Nach der Schlammschlacht mit den Fools on the Hill bin ich wieder zurück im Haus, das schläft. Doch jetzt ist nicht Winter und ich schaue zum Fenster hinaus anstatt hinein.

Auch der Garten sieht ein wenig anders aus als vor sieben Monaten.

Auf dem Felsen könnte es einen Garten wie diesen gar nicht geben. Und ein Haus wie dieses schon gar nicht. Eigentlich ein ganz normales Einfamilienhaus auf dem Festland, aber einer ist gestorben und zwei sind erwachsen geworden und ausgezogen.

Vor ein paar Tagen stand ich hier im Wohnzimmer und dachte unwillkürlich: Auf dem Felsen wäre schon längst ein Trupp fleißiger Bauarbeiter aus Osteuropa durch die Hütte gepoltert und hätte so lange Rigips in die Gegend zementiert, bis hier zehn bis fünfzehn Leute wohnen würden.

Nein, das ist keine ironische Übertreibung. Sobald wir das Haus verlassen, schauen wir immer bis zum Horizont, aber daheim spätestens nach vier Metern auf eine Wand.

Finde den Fehler.

Abwesenheitsmeldung

Besorgte Blogleser haben sich erkundigt, warum es schon seit Wochen kein neues Posting mehr gab.

Antwort 1: Zu viel Leben.

Antwort 2: Zu wenig Internet-Konsum.

Antwort 3: Der Leuchtturmerklärer wandelt gerade auf dem Festland. Naja, Festland, es ist eher Festivalmatsch auf dem Herzberg-Festival.

Der bärtige Jan sagt aber, der Regen habe echt nachgelassen und der Matsch sei auch viel wärmer als gestern ;-) .

Hier und weg

Sie sind wieder hier.
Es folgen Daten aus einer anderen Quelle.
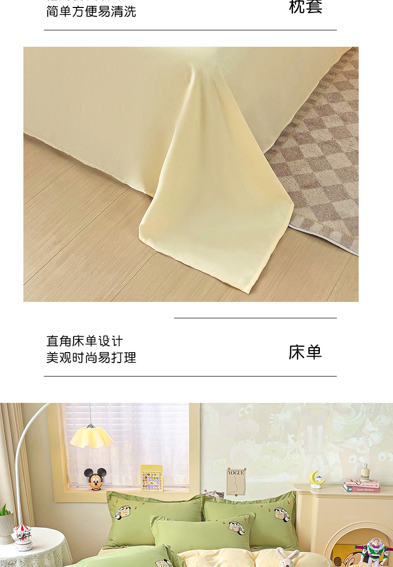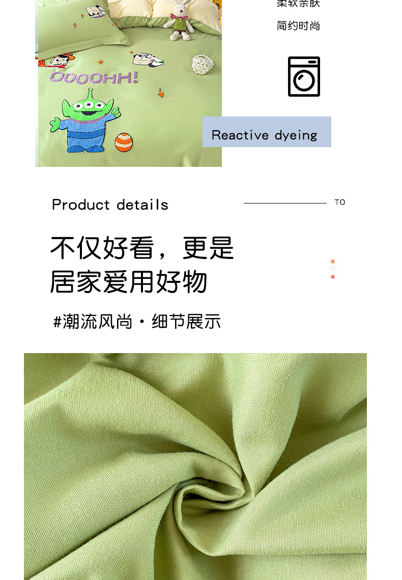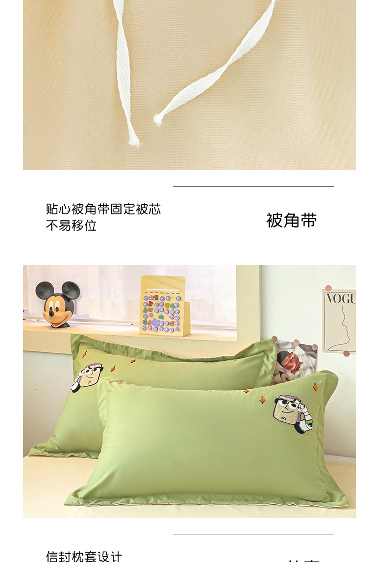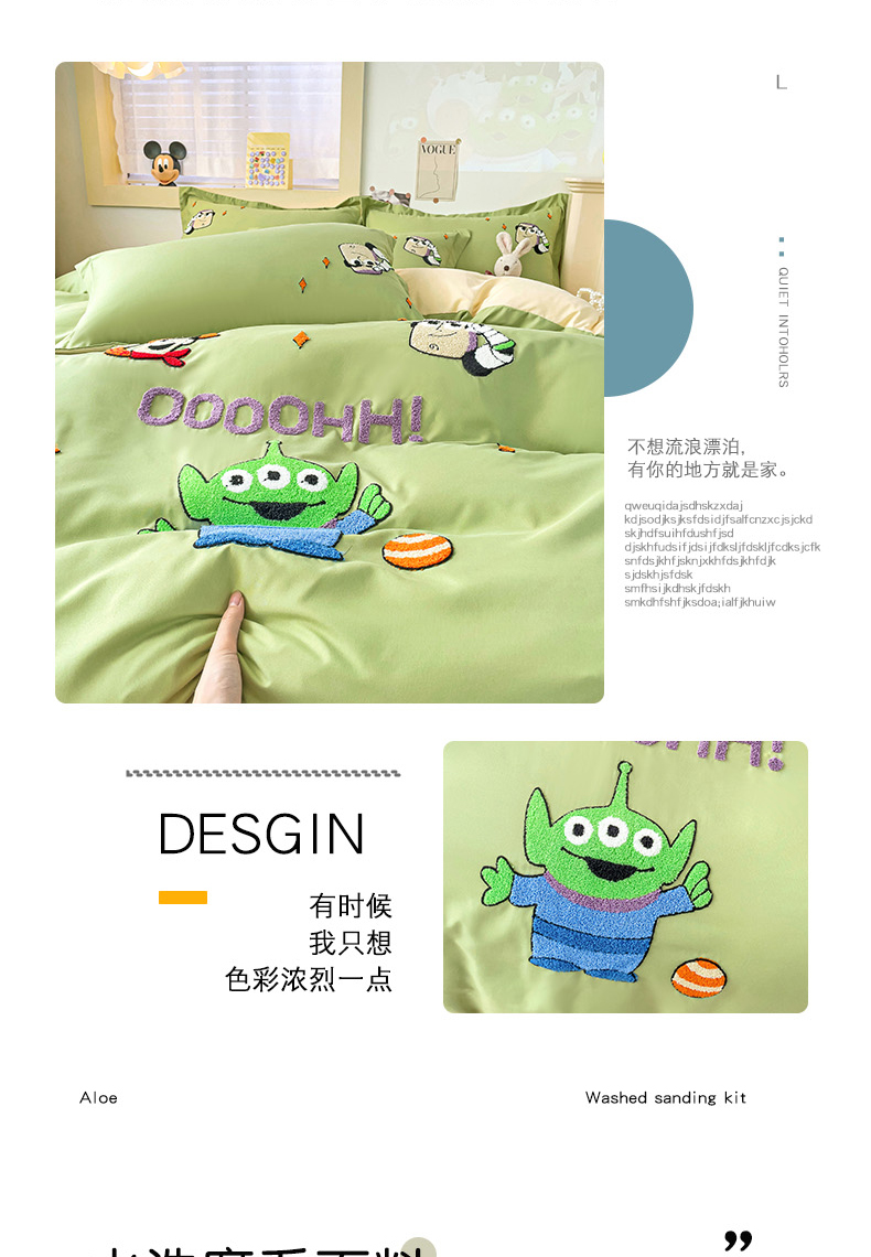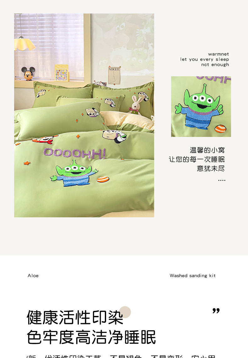 商品名称:娜娜 2023新款水洗磨毛毛巾绣四件套 胡迪和巴斯灰绿+白

Die Seevögel am Lummenfelsen…

…und bei den Basstölpeln wird geschnäbelt und geposed, was das Zeug hält.

Irgendwie muss ich an mich selbst denken, irgendwann in den Achtzigern in der Disco.
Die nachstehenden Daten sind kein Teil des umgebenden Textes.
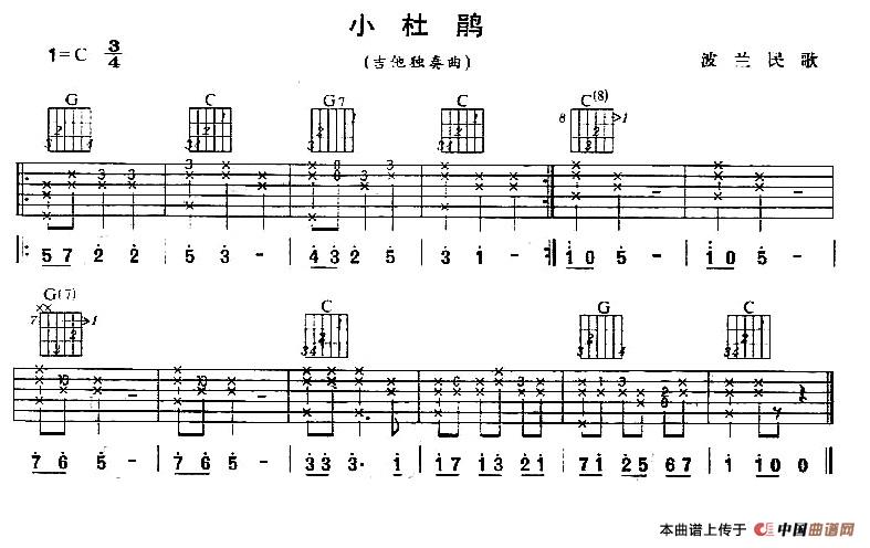 小杜鹃(波兰民歌、独奏曲)相关五线谱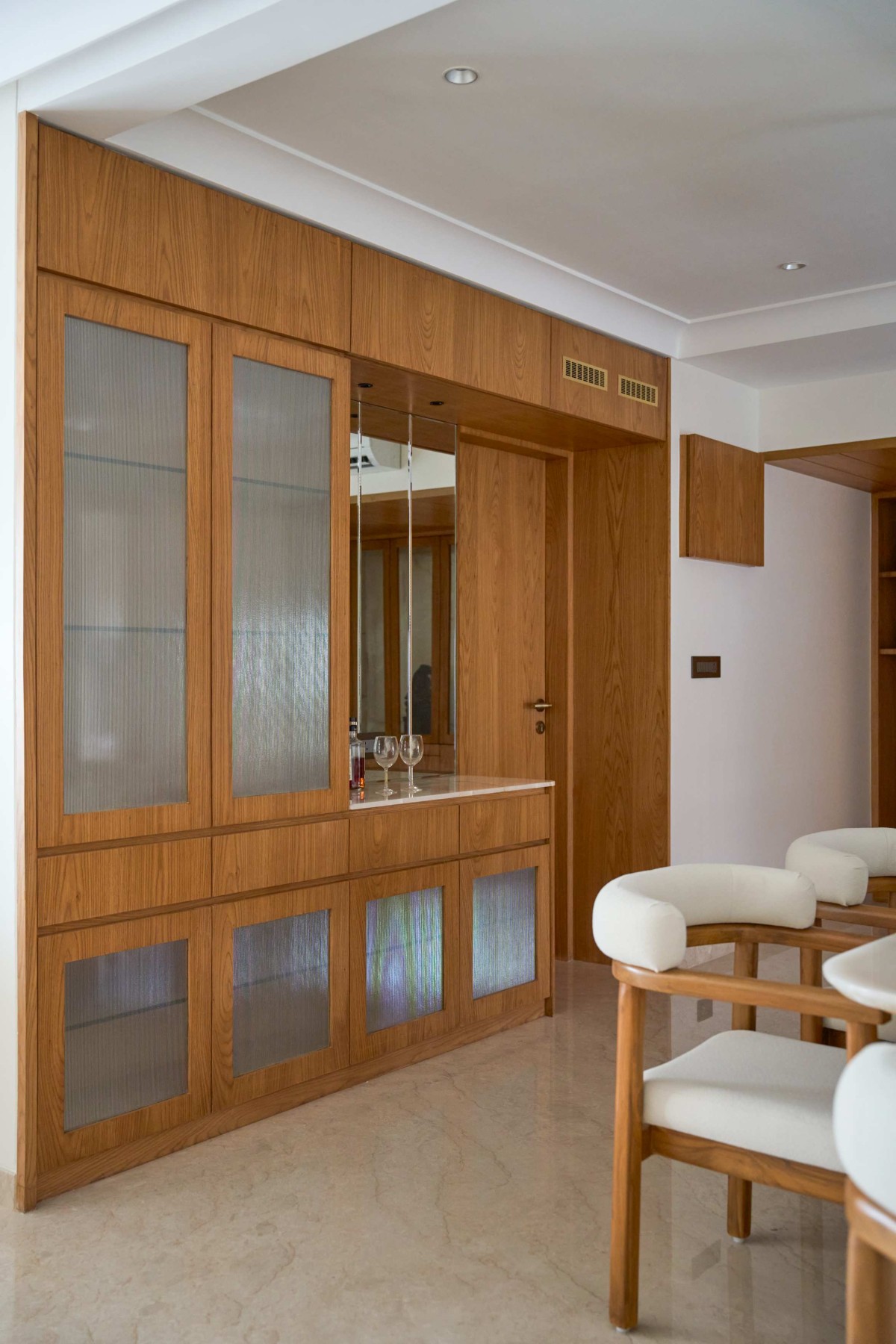 Crockery unit and bar area tucked into the corner opposite the dining space of Walnut Groove by Bombay Building Workshop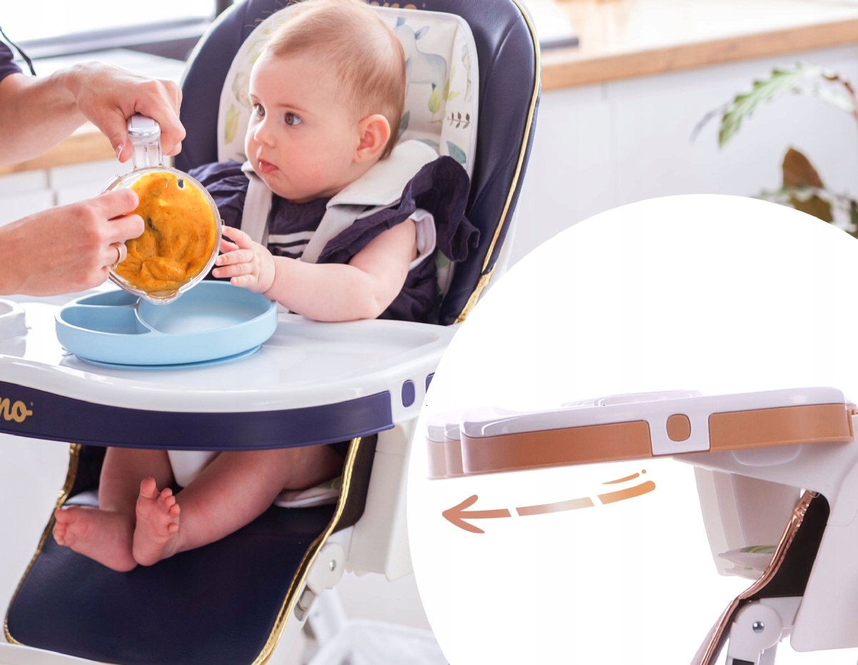 Z Neno Sedi niestraszne Ci hektolitry wylanej zupki i rozgniecione kluski. Podczas karmienia malucha w mgnieniu oka docenisz praktyczne właściwości tacki. Podwójny blat można łatwo wyczyścić lub zdjąć jego wierzchnią warstwę, aby uzyskać ukrytą pod spodem czystą powierzchnię.

Ein unglaublicher Krawall und zum Glück weht ein frischer Wind, sodass die Duftnote aus Fischstäbchen und Vogelmist, äh, atmosphärisch bleibt.
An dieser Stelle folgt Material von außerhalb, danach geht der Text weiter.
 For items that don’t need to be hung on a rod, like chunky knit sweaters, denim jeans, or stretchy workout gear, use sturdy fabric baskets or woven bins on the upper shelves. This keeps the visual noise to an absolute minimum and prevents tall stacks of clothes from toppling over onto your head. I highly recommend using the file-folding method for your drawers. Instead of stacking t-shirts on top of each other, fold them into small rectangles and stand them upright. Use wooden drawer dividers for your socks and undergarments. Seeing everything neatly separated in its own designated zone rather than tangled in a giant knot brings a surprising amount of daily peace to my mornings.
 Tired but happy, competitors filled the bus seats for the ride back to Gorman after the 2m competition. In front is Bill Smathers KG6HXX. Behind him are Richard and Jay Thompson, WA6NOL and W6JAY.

Zwei Dreizehenmöven sehen sich das Treiben aus einiger Distanz an und kucken ein bisschen wie Tante Else und Onkel Gerd auf Tagestour.

À propos: Die Sommertouris sind auch wieder hier. Die machen andere Geräusche, eher so brabbel-brabbel, roll-roll, wenn sie in Scharen unter meinem Fenster die Hafenstraße entlang pilgern.

Aber im Ernst, der Winter war lang und still und häufig auch düster genug, sodass es eine willkommene Abwechslung ist, wenn mal wieder Leben in die Bude kommt.

Und im Oktober werden wir wieder kurz durchatmen, wenn der Zauber vorbei ist ;-) . Das ist halt auch ein Teil des Helgoländer Jahreszyklus.

Tscha, alle sind sie wieder hier.

Nur Fe ist wieder weg, zurück aufs Festland bis Ende Mai. Also eigentlich kein Grund, mich zum Gedudel alter Fanta 4-Klopper selbst zu bemitleiden.

Aber davor war’s wirklich schöner, allein zu sein.